→ What needs to be done: An exact transcription of the listing, without its images, is what the answer must contain.

→ The data:
==*==

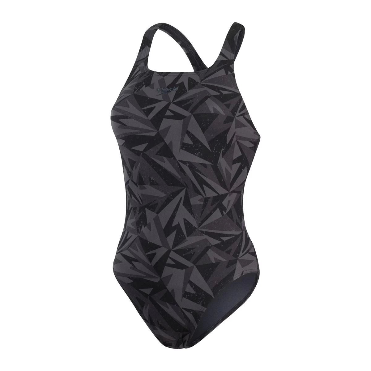 Make a statement in Boom logo prints. Celebrating the Speedo brand, our sporty Hyperboom Medalist swimsuit showcases our iconic Boom logo in a ‘shattered’ print design with striking shades of grey and black.
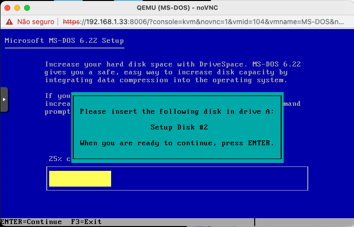 Não ia pra frente de jeito nenhum. Acho que a VM não conseguia perceber essa troca de arquivo .iso e entender que era pra ler o conteúdo do arquivo. Na verdade falta uma opcão nas VM do Proxmox para poder usar disquetes (floppy disks). Procurando as threads do fórum do Proxmox, isso já é pedido desde 2008. Um usuário até criou uma gambiarra (veja aqui) lá em 2013 e considerou como “problem solved“, mas a conversa acabou descambando pra um bate-boca entre um membro (e depois os outros também) do Proxmox que atuam como moderadores e membros seniors do fórum com alguns usários.
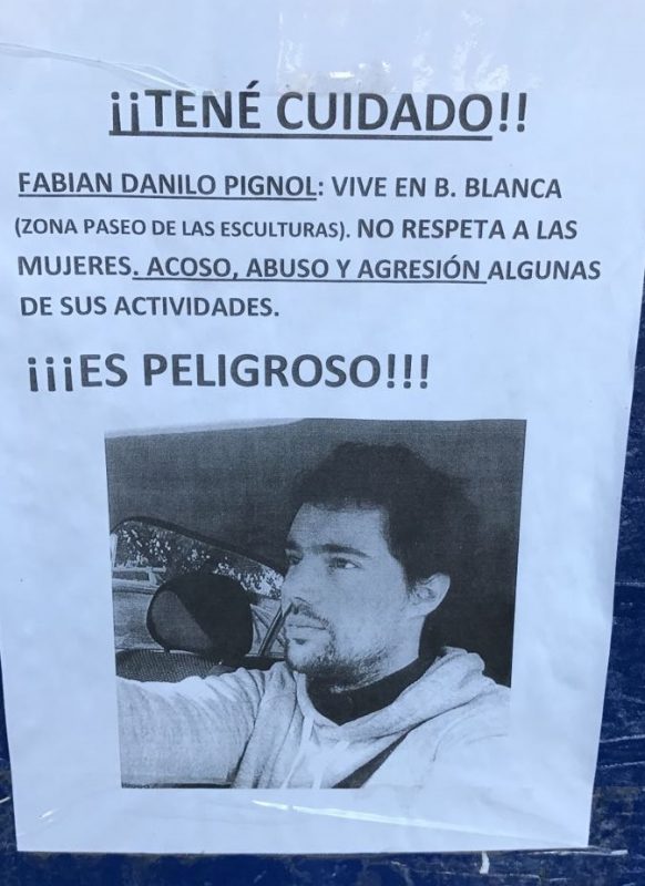 En la esquina de Lamadrid y Alsina, entre otras zonas del macro y micro centro de la ciudad, se puede ver esta anónima acusación a Fabián Danilo Pignol, bahiense que fue escrachado en las redes sociales por acoso virtual a distintas mujeres de Bahía Blanca.

==*==

→ Result of this task:
 Make a statement in Boom logo prints. Celebrating the Speedo brand, our sporty Hyperboom Medalist swimsuit showcases our iconic Boom logo in a ‘shattered’ print design with striking shades of grey and black.
 Não ia pra frente de jeito nenhum. Acho que a VM não conseguia perceber essa troca de arquivo .iso e entender que era pra ler o conteúdo do arquivo. Na verdade falta uma opcão nas VM do Proxmox para poder usar disquetes (floppy disks). Procurando as threads do fórum do Proxmox, isso já é pedido desde 2008. Um usuário até criou uma gambiarra (veja aqui) lá em 2013 e considerou como “problem solved“, mas a conversa acabou descambando pra um bate-boca entre um membro (e depois os outros também) do Proxmox que atuam como moderadores e membros seniors do fórum com alguns usários.
 En la esquina de Lamadrid y Alsina, entre otras zonas del macro y micro centro de la ciudad, se puede ver esta anónima acusación a Fabián Danilo Pignol, bahiense que fue escrachado en las redes sociales por acoso virtual a distintas mujeres de Bahía Blanca.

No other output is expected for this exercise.